I had the pleasure of meeting Ujwal Gadiraju in Heidelberg last week at this year’s Forum. He warned me he could go on forever about his research, and he wasn’t entirely wrong; the only thing stopping him was that I had to leave for another interview before we got finish our conversation! Ujwal was kind enough to follow up with me via email. Here, I share what he had to say to a few of my questions.
Can you tell me more about your research on crowdsourcing?
My main research interests and experience broadly lie in the fields of Human Computation and Crowdsouring, Information Retreival, Data Mining, Web Science, and Social Computing.
My experience with research in the realm of Computer Science began in 2012 in the form of my Master’s Thesis work on “Detection of Duplicate Content on Twitter” at Delft University of Technology, in the Netherlands. Within the scope of this work, we developed a scale that can be used to measure the degree of duplicity within a pair of duplicate tweets. We analyzed the top-k search results on Twitter and observed the extent to which duplicates appear in top-k retrieval.
Over the last few years during my work as a PhD Candidate at the L3S Research Center, Leibniz University of Hannover, I have developed a keen appetite for research in the growing field of human computation and crowdsourcing. The idea of building hybrid human-machine systems to solve problems that go beyond the capability of machines was immediately appealing to me. My work in this regard has mainly covered two pivotal aspects that influence the effectiveness of the paid crowdsourcing paradigm: (i) task design, and (ii) crowd workers’ behavior. Leveraging the dynamics of tasks that are crowdsourced on the one hand, and accounting for the behavior of workers on the other hand, can help in designing tasks efficiently. I am currently working on designing quality control mechanisms that outperform existing state-of-the-art methods across the diverse landscape of microtasks.
With the existing advances in artificial intelligence today, machines are posing a realistic threat of rendering many a human unemployed. I believe that although machines can mimic human actions and behavior to an alarmingly unprecedented extent in the near future, humans shall always hold an edge over machines in certain areas that require intelligence. At this juncture, crowdsourcing can serve as an adequate means of acquiring human input at a large-scale. In many cases as recent works have indicated, braiding humans and machines together in hybrid systems can help to eliminate computational limitations of human-centered systems and enhance the capability of machines. I am highly motivated to contribute towards the promising potential of this line of research.
Do you think that game-based crowdsourcing could work better than other kinds (such as paid approaches), since games are engaging?
I believe gamification plays a pivotal role in crowd worker engagement and retention. Research has shown time and again that adding layers of game elements to workflows improves the response rate and throughput in crowd-powered systems. Often, monetary compensation is a sufficiently strong motivator to attract crowd workers. However, tasks can be made more enjoyable if they can be modeled as ‘games with a purpose.’ The challenge then is to mold monotonous, repetitive and otherwise boring tasks into those with interesting workflows that eventually yield desired results. This of course, is not always easy to do. Quite often the costs required to gamify a crowdsourcing task are disproportionately larger than the benefits. In settings where both game-based or monetary incentives are equally viable, game-based crowdsourcing tend to have the edge.
Forgetting whether it’s realistic at this moment, what problem would you most love to crowdsource?
I would love to crowdsource multilingual personal assistants for older adults around the world.
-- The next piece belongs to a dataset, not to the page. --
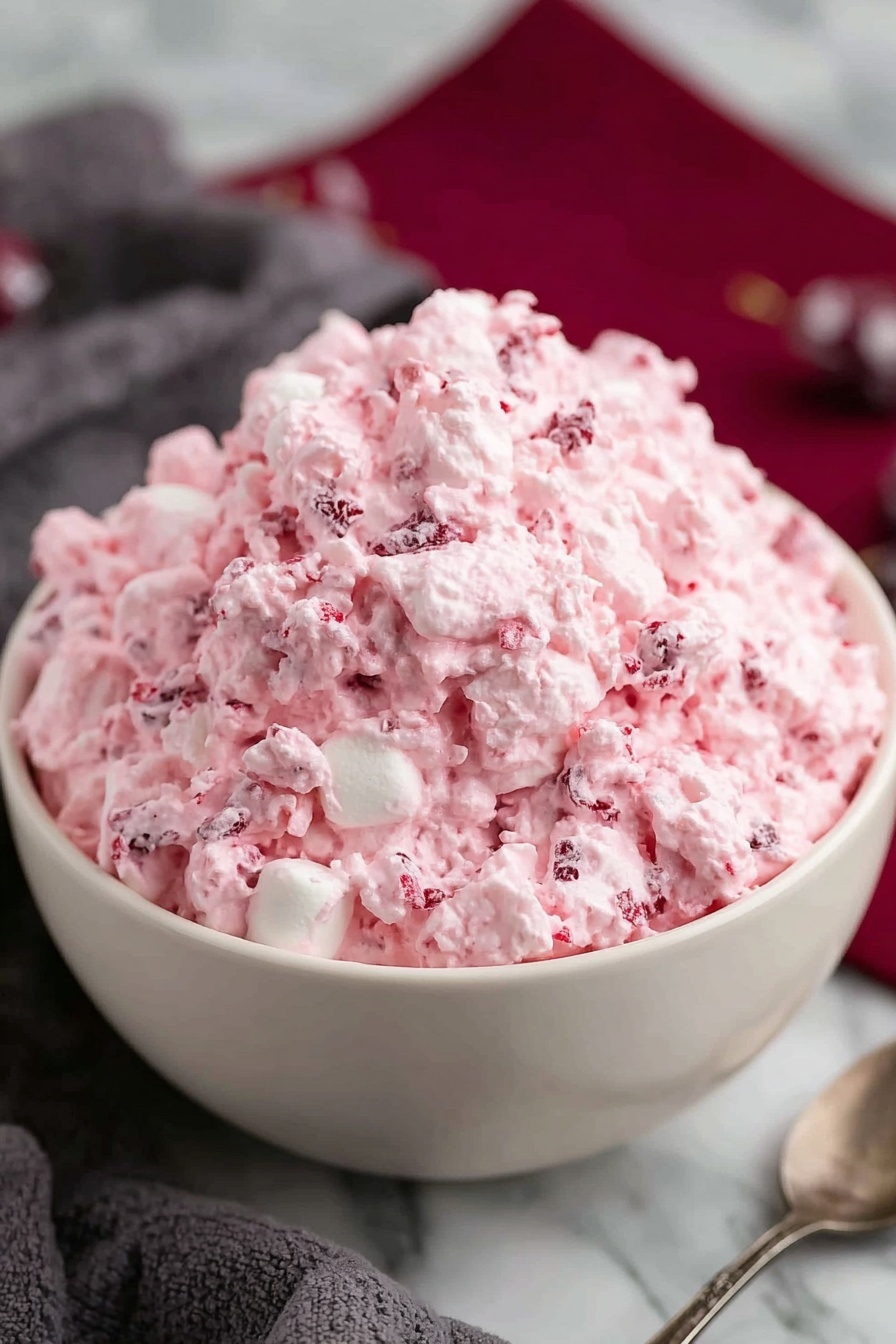 I like topping my Cranberry Fluff Salad with a sprinkle of toasted chopped pecans or walnuts—they add crunch and some earthy warmth. A few fresh mint leaves on top make it look pretty and add a refreshing pop. If I’m feeling festive, a few whole cranberries scattered on top brighten the presentation and give a little extra bite.

Older adults can benefit from having a crowd-powered personal assistant on demand to help them tackle everyday obstacles that manifest due to challenges ranging from their technological to physical abilities. These crowd-powered personal assistants can be accessed or seemingly summoned using online web application triggers, or simply calling them on telephones. For example, a grandmother who speaks only Telugu wants to Skype with her granddaughter but doesn’t know how do go about it, can summon a virtual personal assistant who can help her accomplish it. The novel contribution of this vision is the potential of providing a diverse range of micro-services via crowd-powered personal assistants on demand.
What’s next for you?
After the doctoral studies, I will have to choose between research in academia or industry. At the moment I am not entirely sure which way to sway, but I’m excited to see where I can make a difference.